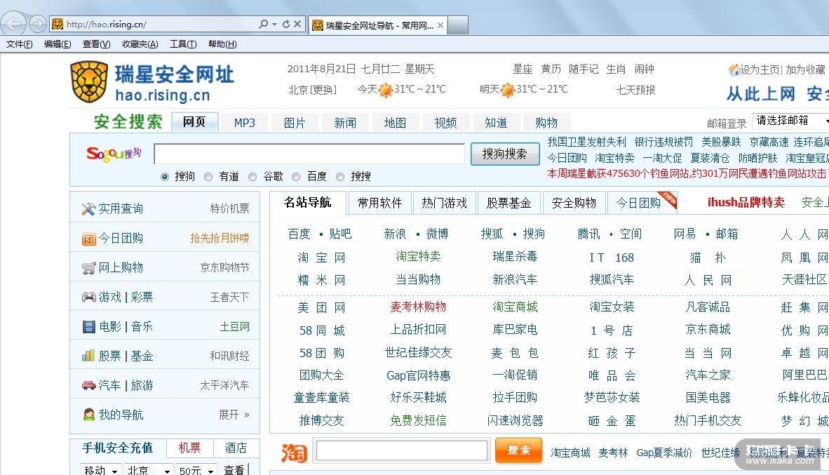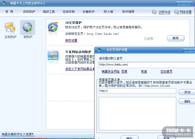 建议楼主使用瑞星卡卡上网助手来对您喜欢的网页进行绑定,具体方法如下:
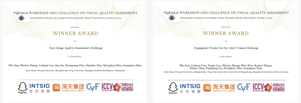 本届ICCV会议举办的VQualA(Visual Quality Assessment Competition)研讨会设有多个挑战赛,涵盖AIGC视频、人脸图像质量评估、短视频热度预测等前沿领域。华东师范大学通信与电子工程学院孙伟课题组凭借创新技术方案,在人脸图像质量评估(FIQA)与短视频热度预测(EVQA-SnapUGC)两个赛道中均荣获冠军,展现了强劲的科研实力与国际竞争力。
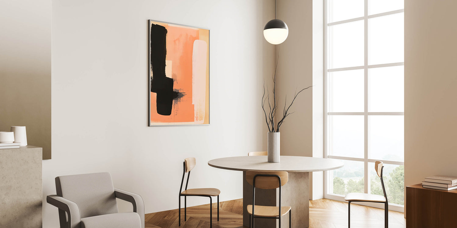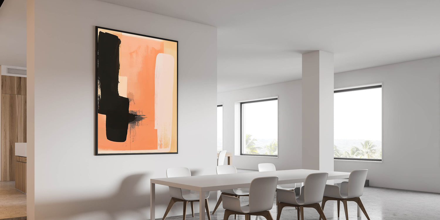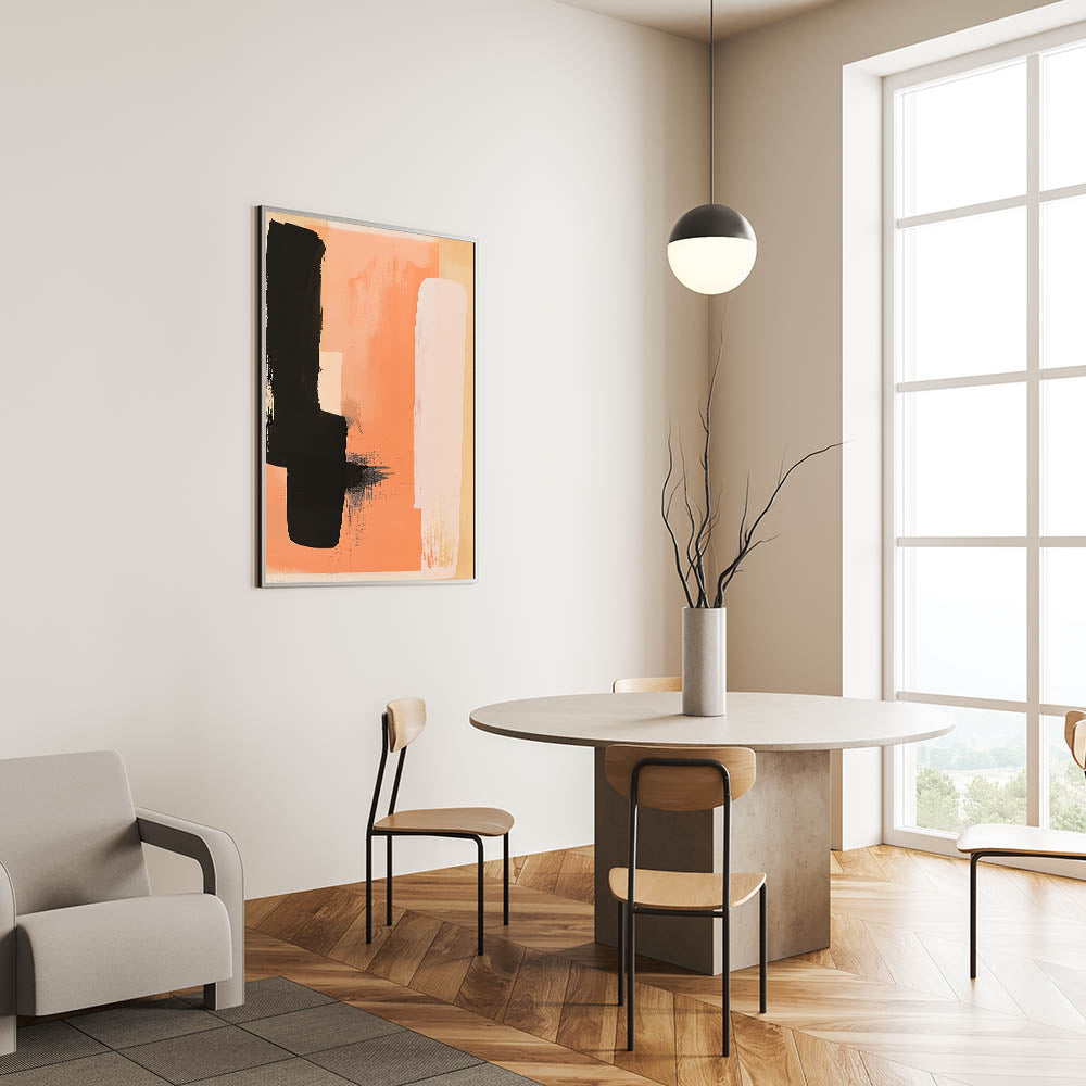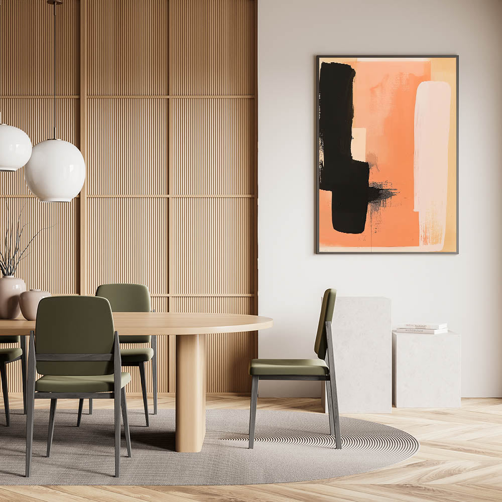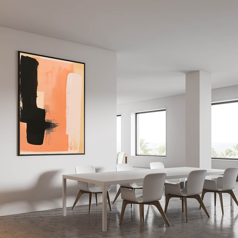 Add a bold statement to your dining space with this elegant dining room wall art, featuring a striking combination of black, peach, and beige in an abstract design. The expressive brushstrokes and color contrasts create a dynamic yet sophisticated look, making it an excellent focal point for modern and contemporary interiors.
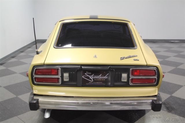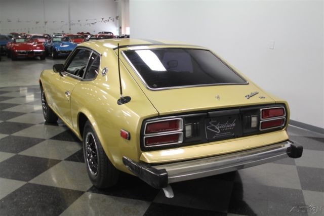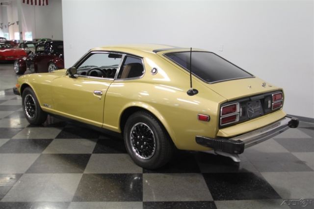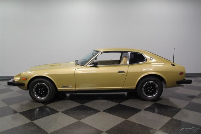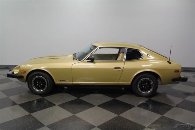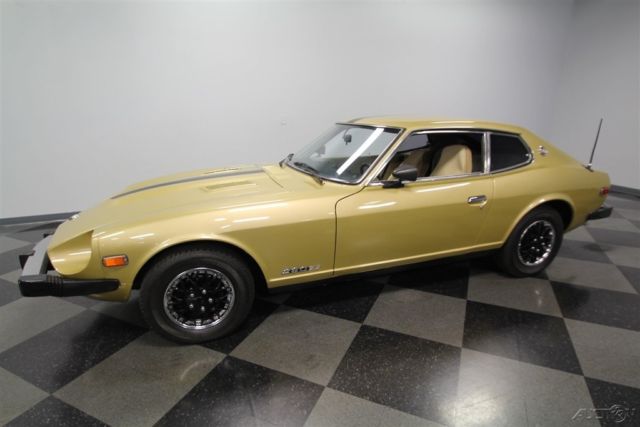 You're looking at the last year for the original Z-car. So this 1978 Datsun 280Z 2+2 has the iconic design we all love and all the best updates learned over this model's run. The Z cars defined 1970s motoring in America, and that's best represented in one color: Gold Metallic. It's that perfect hue that seemed as disco-friendly as the leisure suit forty years ago, and it's still an attention getter today. But really the reason why the color still works so well is because the original color was given a professional respray later in life to keep this precious metal hue glowing. Plus, this has a nice aggressive streak with the black hood stripe that continues up the roof and ends across the hatch. This styling element coordinates nicely with the bumper caps, tinted windows, and wheel covers to give this one a full black and gold coordinated appeal. More than just this cool look, there's a fundamental desire that comes from the first of the great Japanese sports cars. The design borrowed the best elements from around the world with the long front end, vented hood, sleek profile, and an overall timeless appeal that is becoming more and more appreciated by the day. This is believed to be under the care of one family for most of its life, and so the interior is highly original. These 2+2s were a handy addition where the rear seats could hold others in a pinch, and they were especially nice to fold down a get extra cargo space for long trips. In fact, this is set up to be a nice grand touring machine with high-back bucket seats, armrest center console, and AM/FM/cassette stereo. Plus, we all love the look of the gauges set into twin round pods for speedometer and tachometer. Auxiliary readouts are placed on a trio of dials set high on the specially contoured dash. This is a look that became so iconic, it was used for the modern Z as part of its retro-style. Under the hood is a correct 2.8-liter inline six. This was the largest of the original Z-series, and so you'll love the extra power. And fuel-injection just increases the desirability and drivability of these classic Z-cars. This motor just seems to be tidier than most with a handsome paint package, which reinforces the idea of a cherished single-family coupe. Out on the road, you really feel how a this is a great grand touring comfortable classic with features like the three-speed automatic transmission, power steering, front disc brakes, and the fully independent suspension. This is a well-coordinated classic in a rapidly appreciating market. So don't look too long at the last of the great Z-cars, or it might be gone. Call now!
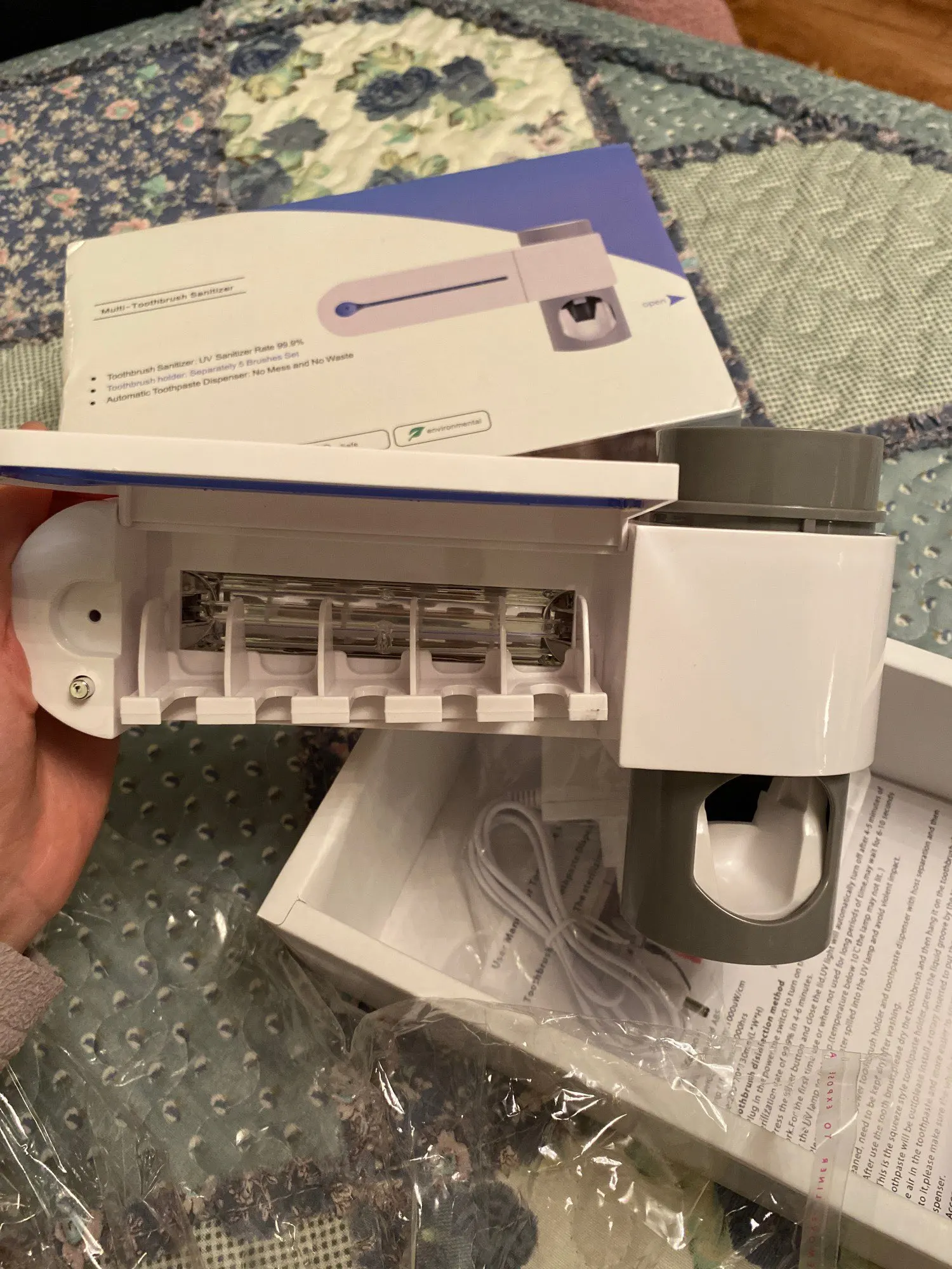 Заказ пришел вовремя, всё целое, упакован в оригинальную коробку. Вид соответствует фотографиям у продавца. Есть ряд нюансов они не критичные, но общее впечатление подпортило:1) после того как я установил держатель для зубных щеток к стене, то выяснилось, что он находится под небольшим наклоном, щетки съезжали к крышке. Так что пришлось хэндмэйдить; 2) у меня электрические щетки, и головка с щетинкой там достаточно маленькая. Паста постоянно ложится не на саму щетину, а на ручку зубной щетки. Нужно какое то время тренироваться, что бы паста ложилась так как нужно. В остальном претензий нет. Материал пластика довольно хороший. сделано не на 3 месяца эксплуатации. Так что я поставил, 5

**AIM OF THE TASK**
Leaving out only the pictures, reproduce the listing exactly.

**COMPLETED TASK**
 建议楼主使用瑞星卡卡上网助手来对您喜欢的网页进行绑定,具体方法如下:
 本届ICCV会议举办的VQualA(Visual Quality Assessment Competition)研讨会设有多个挑战赛,涵盖AIGC视频、人脸图像质量评估、短视频热度预测等前沿领域。华东师范大学通信与电子工程学院孙伟课题组凭借创新技术方案,在人脸图像质量评估(FIQA)与短视频热度预测(EVQA-SnapUGC)两个赛道中均荣获冠军,展现了强劲的科研实力与国际竞争力。
 Add a bold statement to your dining space with this elegant dining room wall art, featuring a striking combination of black, peach, and beige in an abstract design. The expressive brushstrokes and color contrasts create a dynamic yet sophisticated look, making it an excellent focal point for modern and contemporary interiors.
 You're looking at the last year for the original Z-car. So this 1978 Datsun 280Z 2+2 has the iconic design we all love and all the best updates learned over this model's run. The Z cars defined 1970s motoring in America, and that's best represented in one color: Gold Metallic. It's that perfect hue that seemed as disco-friendly as the leisure suit forty years ago, and it's still an attention getter today. But really the reason why the color still works so well is because the original color was given a professional respray later in life to keep this precious metal hue glowing. Plus, this has a nice aggressive streak with the black hood stripe that continues up the roof and ends across the hatch. This styling element coordinates nicely with the bumper caps, tinted windows, and wheel covers to give this one a full black and gold coordinated appeal. More than just this cool look, there's a fundamental desire that comes from the first of the great Japanese sports cars. The design borrowed the best elements from around the world with the long front end, vented hood, sleek profile, and an overall timeless appeal that is becoming more and more appreciated by the day. This is believed to be under the care of one family for most of its life, and so the interior is highly original. These 2+2s were a handy addition where the rear seats could hold others in a pinch, and they were especially nice to fold down a get extra cargo space for long trips. In fact, this is set up to be a nice grand touring machine with high-back bucket seats, armrest center console, and AM/FM/cassette stereo. Plus, we all love the look of the gauges set into twin round pods for speedometer and tachometer. Auxiliary readouts are placed on a trio of dials set high on the specially contoured dash. This is a look that became so iconic, it was used for the modern Z as part of its retro-style. Under the hood is a correct 2.8-liter inline six. This was the largest of the original Z-series, and so you'll love the extra power. And fuel-injection just increases the desirability and drivability of these classic Z-cars. This motor just seems to be tidier than most with a handsome paint package, which reinforces the idea of a cherished single-family coupe. Out on the road, you really feel how a this is a great grand touring comfortable classic with features like the three-speed automatic transmission, power steering, front disc brakes, and the fully independent suspension. This is a well-coordinated classic in a rapidly appreciating market. So don't look too long at the last of the great Z-cars, or it might be gone. Call now!
 Заказ пришел вовремя, всё целое, упакован в оригинальную коробку. Вид соответствует фотографиям у продавца. Есть ряд нюансов они не критичные, но общее впечатление подпортило:1) после того как я установил держатель для зубных щеток к стене, то выяснилось, что он находится под небольшим наклоном, щетки съезжали к крышке. Так что пришлось хэндмэйдить; 2) у меня электрические щетки, и головка с щетинкой там достаточно маленькая. Паста постоянно ложится не на саму щетину, а на ручку зубной щетки. Нужно какое то время тренироваться, что бы паста ложилась так как нужно. В остальном претензий нет. Материал пластика довольно хороший. сделано не на 3 месяца эксплуатации. Так что я поставил, 5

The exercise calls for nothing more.